Every year as my birthday approaches, I find myself thinking "have I done everything I wanted to do at this age? Is there anything I still want to do as a 24 year old?" I think that this year I can confidently say that I am so happy exactly where I am. There are so many dreams to be fulfilled, things I want to do, and learn, but today I am content.
Perhaps I'm starting to learn that life is an ongoing adventure, and that each stage of life should be enjoyed to the fullest, for exactly what it is. For me, this is a pretty remarkable statement, because I am usually the one constantly thinking of and planning for the future. And believe me I have lots of plans for the future! However, today I just want to be the 25 year old version of myself. I want to spend time with my husband and my friends. I want to stay up later than I should, drink mimosas with the girls at Sunday brunch, and push myself to run a half marathon.

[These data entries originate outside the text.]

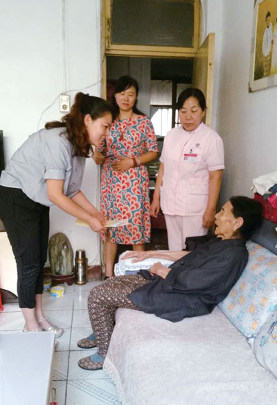 為紀(jì)念建黨96周年,弘揚(yáng)黨的光榮傳統(tǒng)和優(yōu)良作風(fēng),充分體現(xiàn)黨組織對(duì)老黨員的關(guān)懷和愛護(hù),在“七一”到來之際,6月28日,門診醫(yī)技黨總支第五黨支部組織黨員到103歲老黨員孟慶貴家中,為她進(jìn)行體檢,并對(duì)用藥及養(yǎng)生方面的指導(dǎo)。
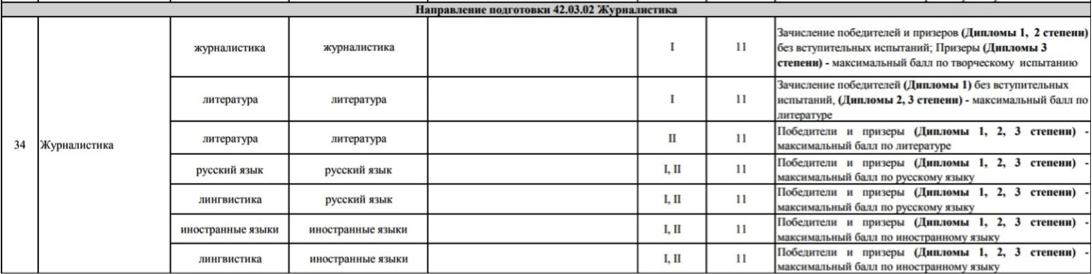 В последнем столбце указана степень достижения на олимпиаде и льгота, которой она соответствует. Большинство олимпиад выдают дипломы трех степеней, но некоторые отмечают только «победителей» и «призеров». В этом случае «победитель» соответствует первой степени, «призер» — второй.
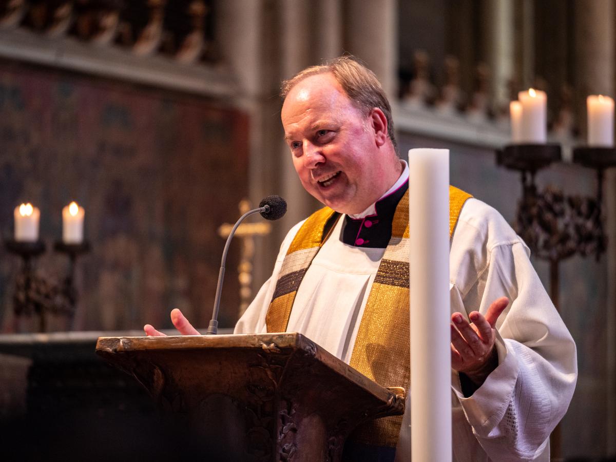 Dom- und Stadtdechant Msgr. Robert Kleine würdigte in seiner Predigt den Kölner Dom, als Abbild des Himmlischen Jerusalems. „Dieser Dom sollte ein bisschen Himmel auf die Erde bringen“, so Kleine. „Die Heiligen-Figuren draußen am Dom und auch hier drinnen nehmen unseren Blick sozusagen mit nach oben bis in das Gewölbe.“
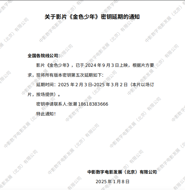 《金色少年》密钥延期的通知
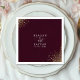 Améliorez votre réception de mariage avec ces serviettes élégantes avec un arrière - plan cramoisi profond et un design de nuit étoilé. Les couleurs riches et les détails chatoyants ajoutent une touche sophistiquée à vos tables, parfaites pour une mariage de nuit ou céleste. Personnalisez avec les noms du couple et la date du mariage pour une touche unique. Une impression de haute qualité assure des couleurs vives et des détails complexes, rendant votre journée spéciale inoubliable.
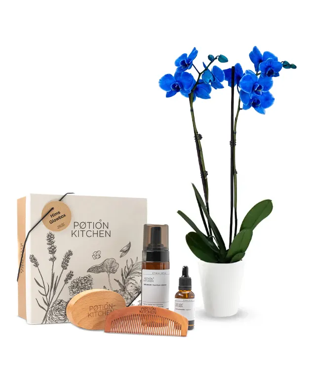 The Glowbox for Him is specially made for him. It includes the HIMS GLOWBOX and blue orchids.
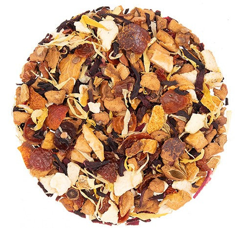 Apple pieces, Hibiscus petals, Rosehip + Orange pieces, Calendula petals, Natural flavors (organic compliant).
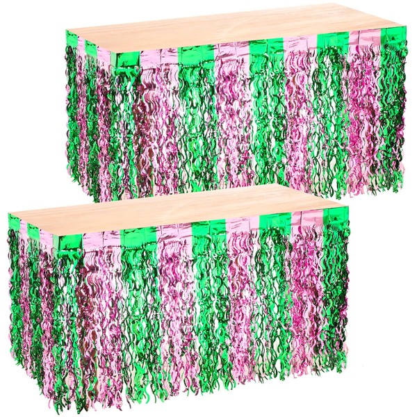 Suncalla 2 Pack Pink and Green Party Decorations Witch Party Table Skirts 30 x 108 Inch Wavy Metallic Tinsel Foil Fringe Table Skirts for Rectangle and Round Table Birthday Witch Decorations

I want to discover this city, the world, and myself with my wonderful husband by my side. I want to try all kinds of new things and go new places. I heard a quote the other day about turning 25... "it's an age where you have the perfect combination between youthful exuberance and wisdom." I love that! So true! I love the fact that I'm a responsible adult, I'm independent, and I can take care of myself. I love that I have a successful career, and that I have moved beyond being a crazy partying college kid. Yet, I still feel that I have a youthful optimism that I hope to always have.
When I think about where I want my life to be in 5 years, it's such a different picture. I've always pictured that in my 30's I would have a family, and revel in all the joys of raising children. So, for the next few years, between now and then, I have so many things I want to do for me. Travel the world, learn a new language, get lost on a road trip to nowhere, and just live life out loud!